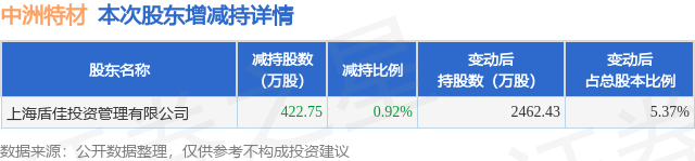 证券之星消息,10月10日中洲特材发布公告《中洲特材:关于持股5%以上股东权益变动触及1%暨减持股份计划实施完毕的公告》,其股东上海盾佳投资管理有限公司于2025年9月16日至2025年10月9日间合计减持422.75万股,占公司目前总股本的0.9217%,变动期间该股股价上涨18.1%,截止10月9日收盘报22.51元。
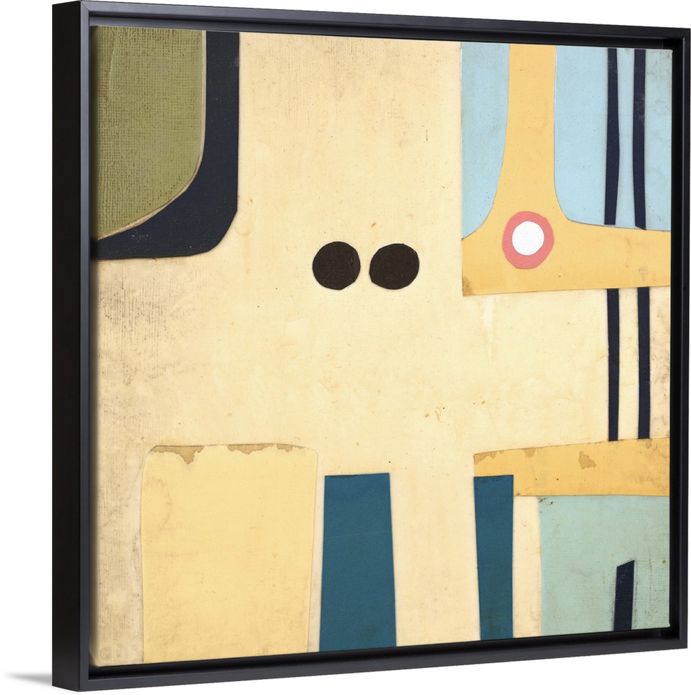 <p>Contemporary abstract painting with colorful shapes in a mid-century style.</p>
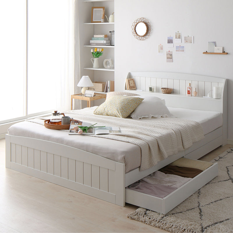 さらに、ヘッドボードの棚と、ベッド下用の2杯の引き出しが付いています。
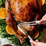 I usually top my carved turkey with some extra fresh chopped herbs like parsley and a few lemon wedges on the side to add brightness. A sprinkle of flaky sea salt just before serving brings the skin’s flavor home perfectly. Plus, those roasted garlic halves make a delicious and mild accompaniment for guests to spread on their slices.
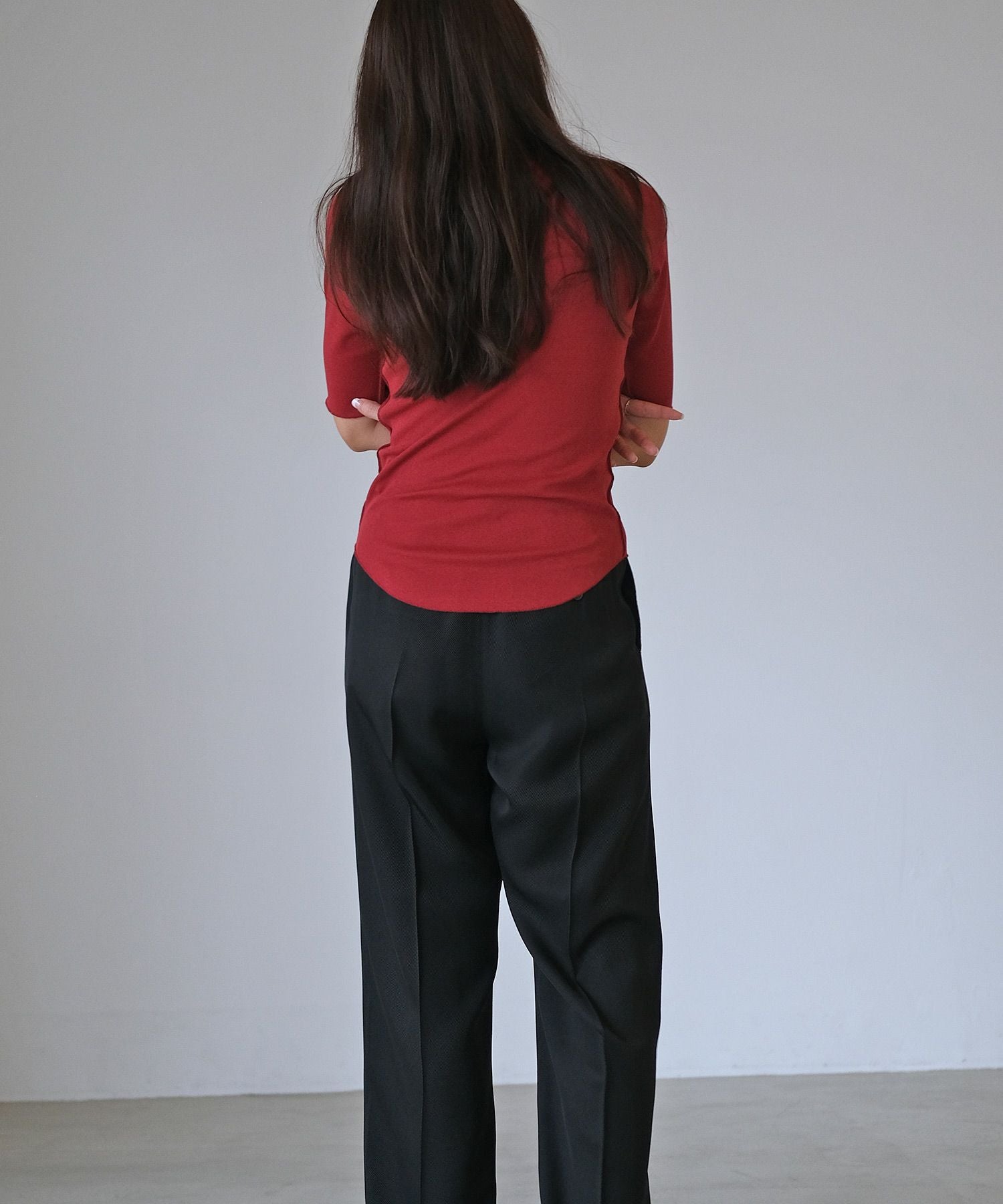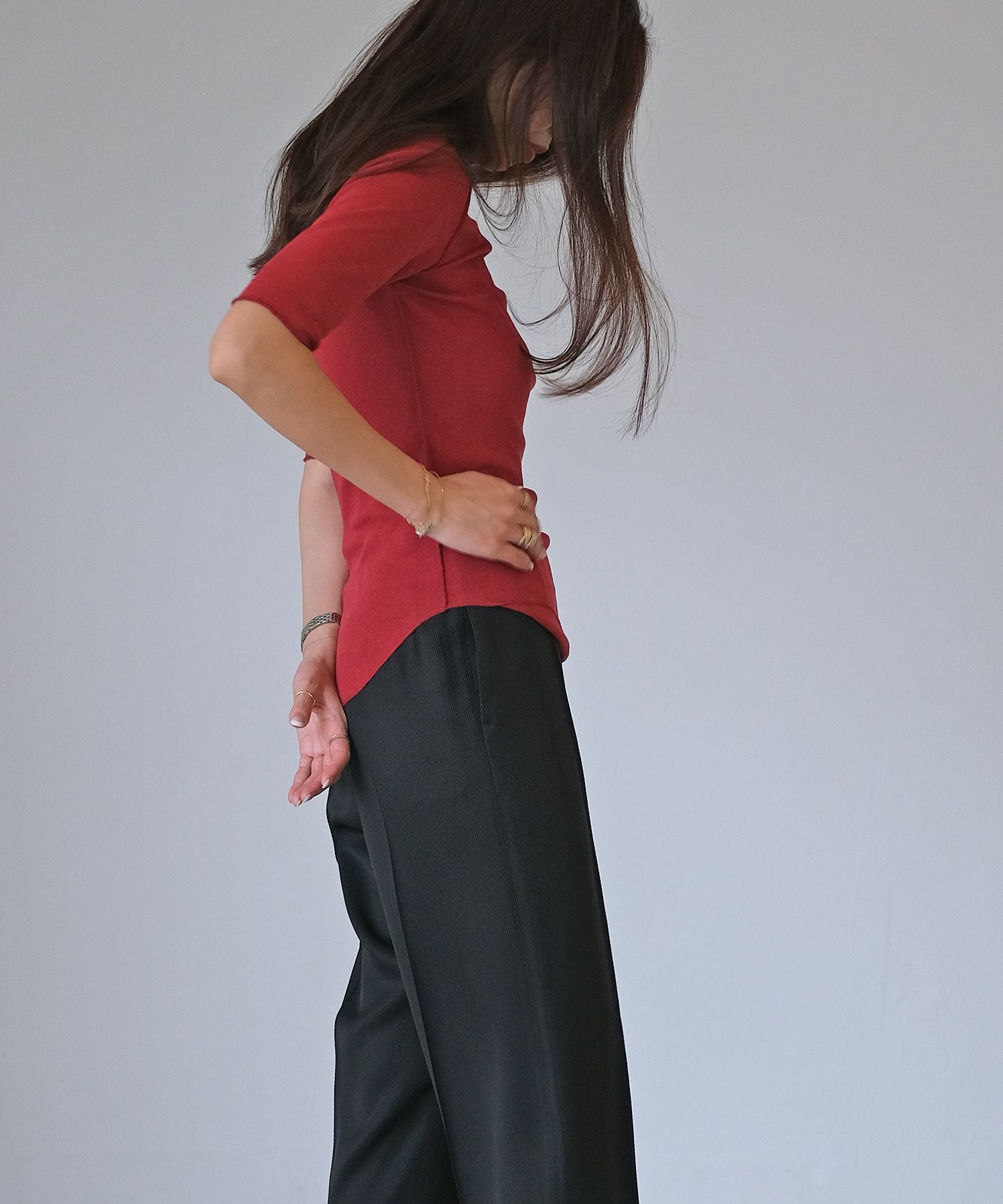 詰まったクルーネックと五分袖が、上品さとクリーンさをプラスし、大人のデイリーユースに活躍します。
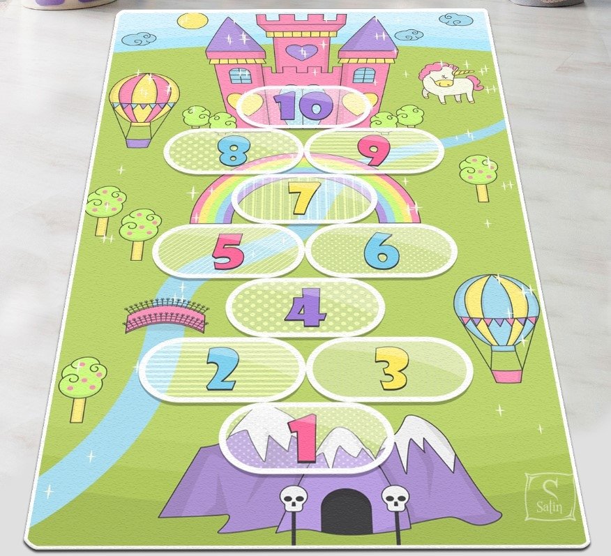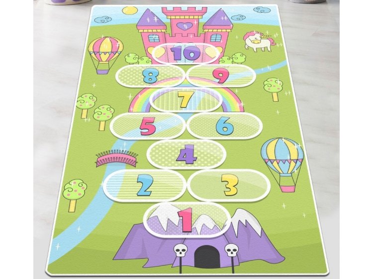 Килимок у дитячу кімнату Chilai Home Castle оформлений у різнокольорових тонах та прикрашений принтом чарівного замку, цифр та єдинорога. Килимок виконаний зі 100% поліестеру, без ворсу, з антиковзким покриттям, товщиною 0,5 см.
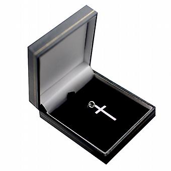 Please be aware before ordering: This item is dispatched from the United Kingdom. If you are ordering for delivery outside of the UK, please note that your order may be subject to import duties and taxes, which are levied once the goods reach the country of destination. Any such charges levied in relation to customs clearance must be paid by you (the receiver/importer). It is accepted by you that British Jewellery Workshops has no control over additional charges in relation to customs clearance. British Jewellery Workshops recommend that you check with your local customs officials or post office for more information regarding importation taxes/duties that may be applicable to your online order. You will be the importer of record and responsible for any import VAT and duty that needs to be paid. In addition, any charges for import clearance will be paid by you, the customer. Sterling silver 25x15mm diamond cut four pointed star set with a diamond Solid Block Cross. Handmade in Birmingham from 2.5 mm by 1.5 mm rectangular wire, the back and sides are also plain highly polished. Made and hand polished in our Birmingham factory and comes to you carefully prepared in a black leatherette gift box.
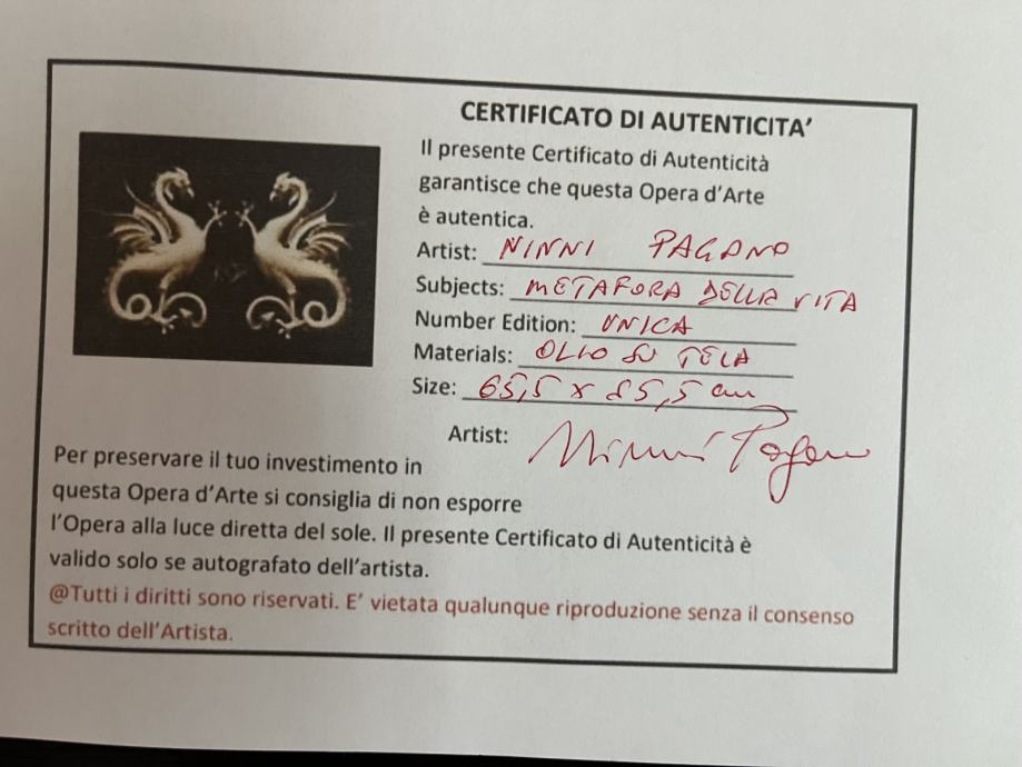 Ninni Pagano, ulje na platnu “Metafora della vita”, 65,5x65,5 cm. Sa potpisom i certifikatom.
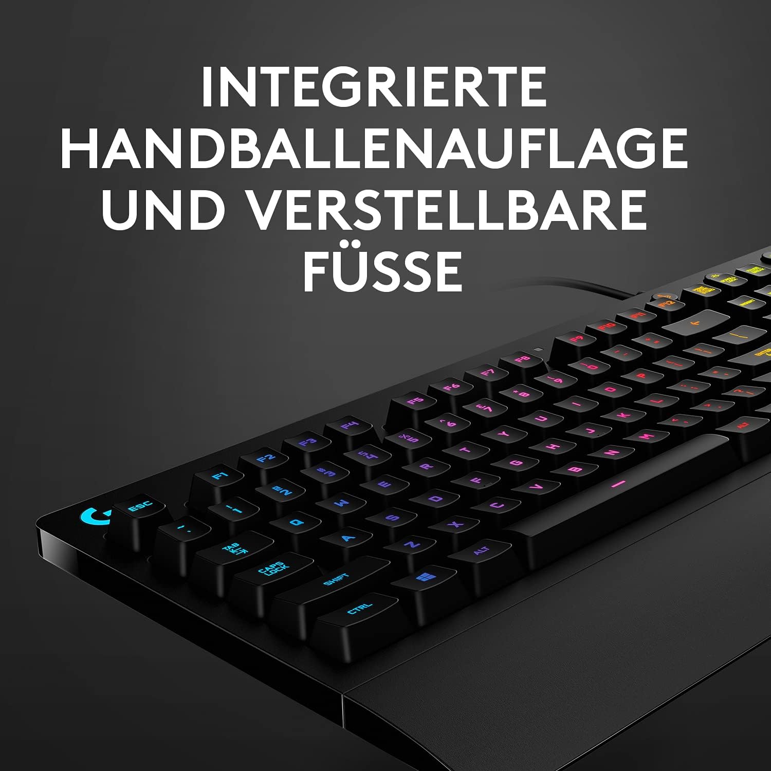 • Геймърска клавиатура с RGB зони на осветление: Тази клавиатура Logitech предлага пет отделни зони на осветление с избор на цвят от спектър от над 16,8 милиона цвята.
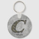Porte-clés avec initiale de monogramme C rempli de délicates fleurs d'hydrangea blanches. Conception de Susan.
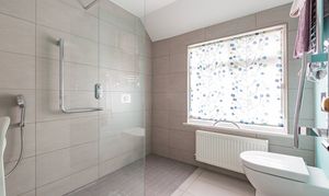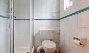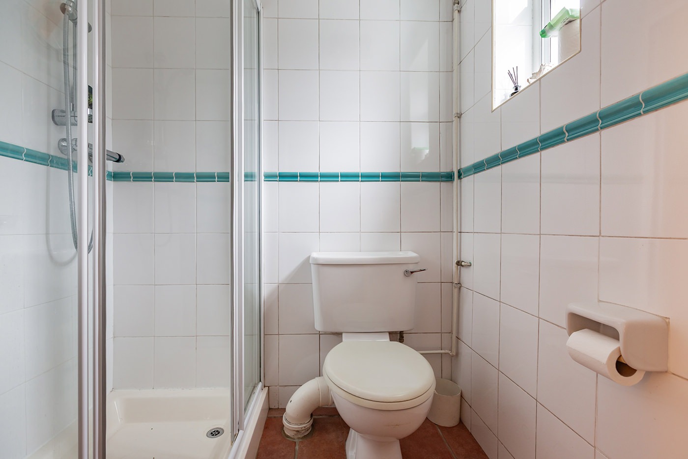 Low level wc, wash hand basin, tiled shower cubicle, obscured window to side, locally tiled walls.
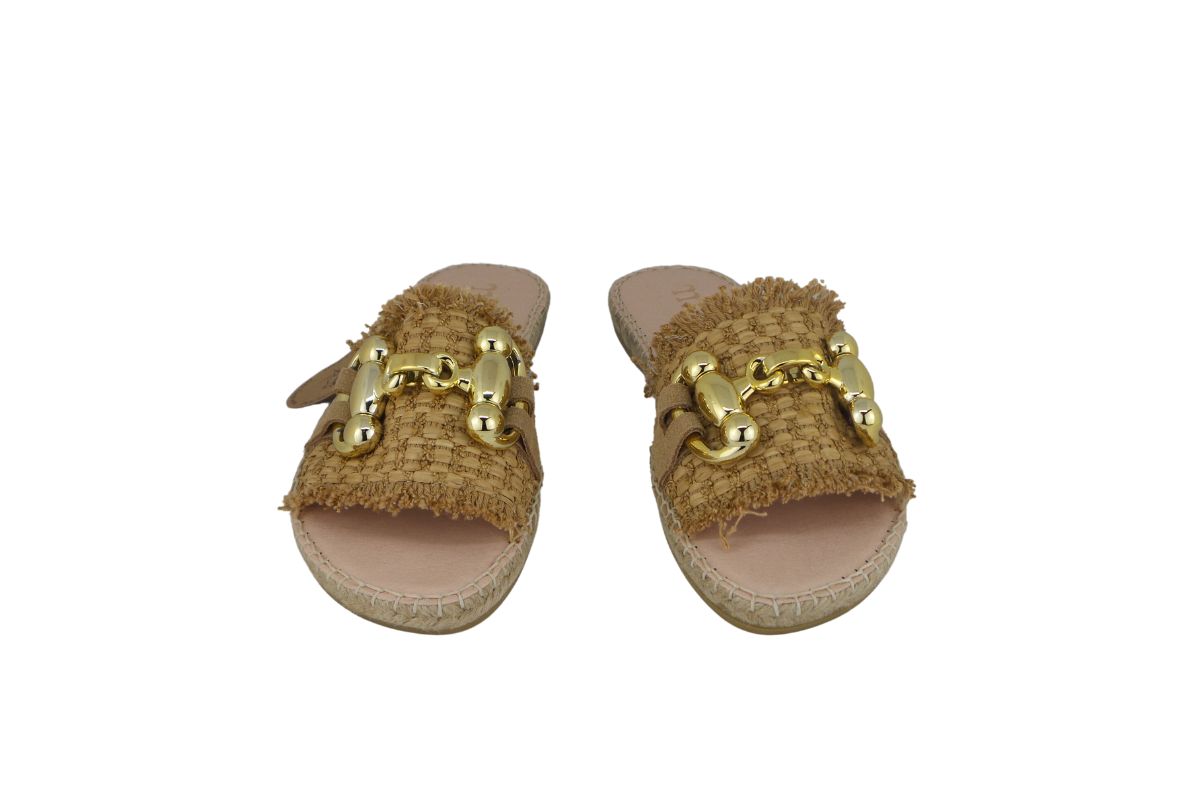 Il dettaglio distintivo di questa ciabatta è la sua fascetta superiore decorata con un elegante motivo, aggiungendo un tocco di grazia e originalità alla calzatura.

++++

Every record above must be copied exactly; none of the pictures belong in the copy.

 证券之星消息,10月10日中洲特材发布公告《中洲特材:关于持股5%以上股东权益变动触及1%暨减持股份计划实施完毕的公告》,其股东上海盾佳投资管理有限公司于2025年9月16日至2025年10月9日间合计减持422.75万股,占公司目前总股本的0.9217%,变动期间该股股价上涨18.1%,截止10月9日收盘报22.51元。
 <p>Contemporary abstract painting with colorful shapes in a mid-century style.</p>
 さらに、ヘッドボードの棚と、ベッド下用の2杯の引き出しが付いています。
 I usually top my carved turkey with some extra fresh chopped herbs like parsley and a few lemon wedges on the side to add brightness. A sprinkle of flaky sea salt just before serving brings the skin’s flavor home perfectly. Plus, those roasted garlic halves make a delicious and mild accompaniment for guests to spread on their slices.
 詰まったクルーネックと五分袖が、上品さとクリーンさをプラスし、大人のデイリーユースに活躍します。
 Килимок у дитячу кімнату Chilai Home Castle оформлений у різнокольорових тонах та прикрашений принтом чарівного замку, цифр та єдинорога. Килимок виконаний зі 100% поліестеру, без ворсу, з антиковзким покриттям, товщиною 0,5 см.
 Please be aware before ordering: This item is dispatched from the United Kingdom. If you are ordering for delivery outside of the UK, please note that your order may be subject to import duties and taxes, which are levied once the goods reach the country of destination. Any such charges levied in relation to customs clearance must be paid by you (the receiver/importer). It is accepted by you that British Jewellery Workshops has no control over additional charges in relation to customs clearance. British Jewellery Workshops recommend that you check with your local customs officials or post office for more information regarding importation taxes/duties that may be applicable to your online order. You will be the importer of record and responsible for any import VAT and duty that needs to be paid. In addition, any charges for import clearance will be paid by you, the customer. Sterling silver 25x15mm diamond cut four pointed star set with a diamond Solid Block Cross. Handmade in Birmingham from 2.5 mm by 1.5 mm rectangular wire, the back and sides are also plain highly polished. Made and hand polished in our Birmingham factory and comes to you carefully prepared in a black leatherette gift box.
 Ninni Pagano, ulje na platnu “Metafora della vita”, 65,5x65,5 cm. Sa potpisom i certifikatom.
 • Геймърска клавиатура с RGB зони на осветление: Тази клавиатура Logitech предлага пет отделни зони на осветление с избор на цвят от спектър от над 16,8 милиона цвята.
Porte-clés avec initiale de monogramme C rempli de délicates fleurs d'hydrangea blanches. Conception de Susan.
 Low level wc, wash hand basin, tiled shower cubicle, obscured window to side, locally tiled walls.
 Il dettaglio distintivo di questa ciabatta è la sua fascetta superiore decorata con un elegante motivo, aggiungendo un tocco di grazia e originalità alla calzatura.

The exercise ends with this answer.